In medicine, depression is a significant pathological condition, whose central clinical manifestation is the major depressive episode. However, within mood disorders, in addition to depressive episodes, other episodic alterations may also occur, such as the manic and hypomanic episodes.
A manic episode most commonly begins around the age of 20, although it can also appear during adolescence or, more rarely, after the age of 50. It often begins suddenly, sometimes in connection with stressful psychosocial events, and tends to progress rapidly over a few days. Its duration may range from several weeks to months, but is generally shorter and more acute in evolution than a major depressive episode.
The diagnosis of a manic episode requires the presence, for at least one week, of a persistently elevated, expansive, or irritable mood, along with at least three (or four if the mood is only irritable) of the following symptoms:
Inflated self-esteem or grandiosity.
Decreased need for sleep (e.g., feeling rested after only a few hours of sleep).
Excessive talkativeness compared to usual.
Flight of ideas or subjective experience of racing thoughts.
Marked distractibility.
Increase in goal-directed activity or psychomotor agitation.
Involvement in potentially risky activities (e.g., impulsive spending, disinhibited sexual behavior, reckless investments).
These manifestations must be severe enough to cause marked impairment in social or occupational functioning, require hospitalization, or be associated with psychotic features. It is also necessary to rule out that the symptoms are due to a general medical condition or the direct effects of psychoactive substances, and that they do not meet the criteria for a mixed episode.
Clinical Specifiers
When the manic episode is the most recent manifestation of a mood disorder, it can be further characterized according to severity:
Mild: presence of the minimum number of required symptoms (three or four) with limited functional impairment.
Moderate: intensification of symptoms, clear increase in activity and impairment in judgment.
Severe without psychotic features: marked behavioral impairment requiring almost continuous supervision to prevent harm to self or others, without psychotic symptoms.
Severe with psychotic features: as above, but with the presence of delusions and/or hallucinations.
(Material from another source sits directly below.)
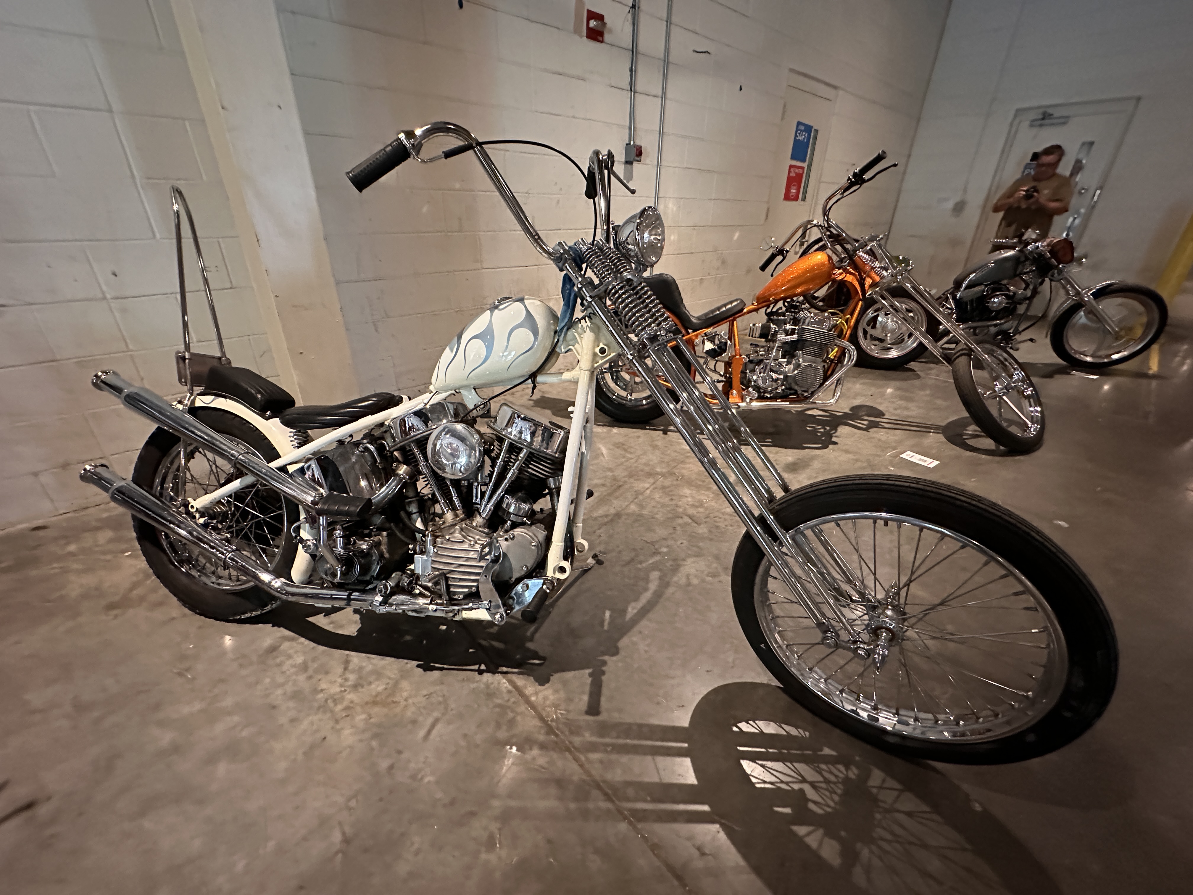 Captain America by artist Ray Drea.A unique take on the anti-heroes of Easy Rider (1969) by artist Ray Drea.A life-size Billy Bike, seen at the 20th Annual David Mann Memorial Chopperfest in February, 2024. Image courtesy of the author.Now that’s a chopper! Also spotted at the David Mann Chopperfest. Image courtesy of the author.

These may be:
Mood-congruent: consistent with manic themes (grandeur, special identity, connection with higher entities).
Mood-incongruent: inconsistent with the manic state, such as persecutory delusions, thought insertion, or disorganized symptoms.
The manic episode is also described based on its subsequent course as:
In full remission: no significant symptoms for at least two consecutive months.
In partial remission: some symptoms persist or the absence of symptoms has lasted for less than two months.
Particular Forms
The manic episode may also occur:
With catatonic features: entirely overlapping with those observed in major depressive episodes.
With postpartum onset: within the first four weeks after childbirth, with mood fluctuations, obsessive thoughts related to the infant, and in severe cases, psychotic features.
References
American Psychiatric Association. Diagnostic and Statistical Manual of Mental Disorders – DSM-IV-TR. Masson, 2001.
American Psychiatric Association. Diagnostic and Statistical Manual of Mental Disorders, Fifth Edition (DSM-5). American Psychiatric Publishing, 2013.